Auch die Umstellung auf erneuerbare Energien verspricht keine schnelle
Lösung. Denn trotz des enormen Booms von Solar- und Windenergie und
trotz des hohen Ölpreises konnte in den letzten Jahren nicht einmal der
Anstieg des Ölverbrauchs aufgehalten werden. Um einen jährlichen
Förderrückgang von zwei bis sechs Prozent ausgleichen zu können, müßten
die Investitionen in erneuerbare Energien um ein Mehrfaches steigen.
Allerdings produzieren die meisten Solarzellen und Windräder Strom.
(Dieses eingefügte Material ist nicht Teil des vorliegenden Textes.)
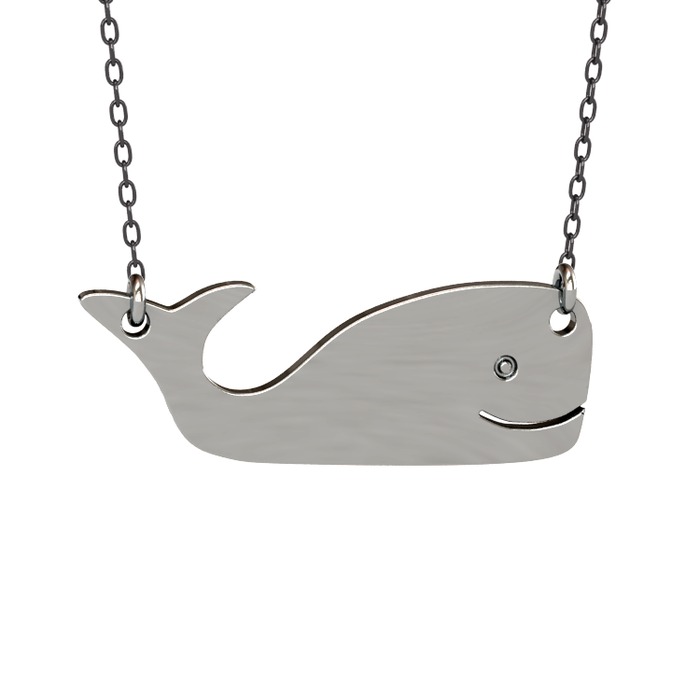 Sevimli Balina Kolye - 8 ayar beyaz altın kolye (40 cm gümüş rolo zincir)

Die
durch Peak Oil ausgelöste Energiekrise ist jedoch in erster Linie eine
Treibstoffproblematik. Versucht man, den Solar- oder Windstrom in
Treibstoffe wie z.B. Wasserstoff umzuwandeln, so kommt es zu
Übertragungsverlusten. Weitere Verluste entstehen, wenn der Treibstoff
in Antriebsenergie umgewandelt wird. Am Ende kann nur ein kleiner Teil
der erwirtschafteten Energie genutzt werden. Es besteht die Gefahr, daß
die Energiebilanz sehr niedrig oder sogar negativ ausfällt. Steckt man
jedoch fast genausoviel Energie in die Energieproduktion, wie man aus
ihr gewinnt, so kommt kein volkswirtschaftlicher Nutzen zustande.[13]
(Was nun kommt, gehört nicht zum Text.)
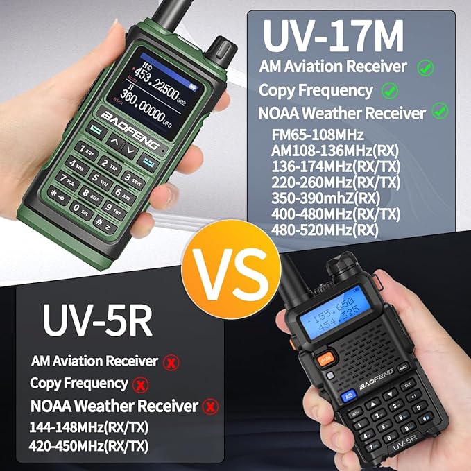 - ✅【Upgrade Of UV-5R 】Frequency Range: 144-148MHz, 420-450MHz,Up to 999 storage channels and a 1.77 inch large color screen, making operation more convenient.The enlarged walkie talkie body size is designed ergonomically to enhance user feel.FCC ID:2AJGMUV17M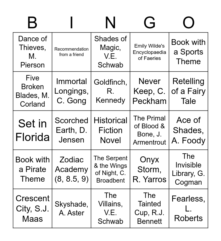 This bingo card has 25 words: Zodiac Academy (8, 8.5, 9), The Villains, V.E. Schwab, Goldfinch, R. Kennedy, Crescent City, S.J. Maas, Book with a Sports Theme, Dance of Thieves, M. Pierson, Five Broken Blades, M. Corland, Recommendation from a friend, The Primal of Blood & Bone, J. Armentrout, The Serpent & the Wings of Night, C. Broadbent, Never Keep, C. Peckham, Set in Florida, Onyx Storm, R. Yarros, The Invisible Library, G. Cogman, Immortal Longings, C. Gong, Fearless, L. Roberts, Ace of Shades, A. Foody, Shades of Magic, V.E. Schwab, Retelling of a Fairy Tale, Scorched Earth, D. Jensen, Historical Fiction Novel, Skyshade, A. Aster, Book with a Pirate Theme, Emily Wilde's Encyclopaedia of Faeries and The Tainted Cup, R.J. Bennett.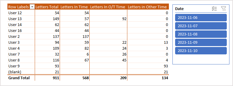 | 27/10/2023 | User 4 | 08:00:00 | 16:05:00 | 06:45:00 | 07:45:00 |

Diese Probleme wären sicherlich lösbar, hätte man noch ein oder zwei
Jahrzehnte Zeit, um ein großangelegtes Forschungs- und
Entwicklungsprogramm in die Wege zu leiten. Zu diesem Ergebnis kommt
auch ein Untersuchungsbericht, der von Dr. Robert Hirsch im Jahr 2005
für das US-Energieministerium erstellt worden ist. Er konstatierte, daß
die Umstellung der wirtschaftlichen Infrastruktur von Öl auf alternative
Energieträger durchaus möglich ist. Allerdings müßte damit im
allergünstigsten Fall mindestens zwei Jahrzehnte vor dem Fördermaximum
begonnen werden.[14] Begänne die Umstellung lediglich ein Jahrzehnt vor
dem Peak, so könnten nur die schlimmsten Folgen abgemildert werden. Wie
oben dargestellt, wird das Ölfördermaximum nach Schätzung der Geologen
der ASPO aber bereits in den nächsten zwei Jahren erreicht sein. Mit
anderen Worten: Für einen harmonischen Übergang ist es heute bereits zu
spät.
Dieser Ausblick verweist auf die zweite Frage. Wie war es eigentlich
möglich, daß eine technische Zivilisation, die jährlich einen hohen
Prozentsatz ihres Bruttosozialprodukts für Forschung ausgibt, relativ
unvorbereitet in diese Krise gerutscht ist? An Warnungen hatte es nicht
gefehlt. Der Geologe M. King Hubbert hatte bereits in den 50er Jahren
den Förderhöhepunkt der texanischen Ölfelder vorhergesagt. Der Club of
Rome hatte 1972 das Thema zum Gegenstand einer öffentlichen Debatte
gemacht. Auch die beiden Ölkrisen wenige Jahre später boten Anlaß, sich
der Abhängigkeit der industrialisierten Welt vom Öl bewußt zu werden.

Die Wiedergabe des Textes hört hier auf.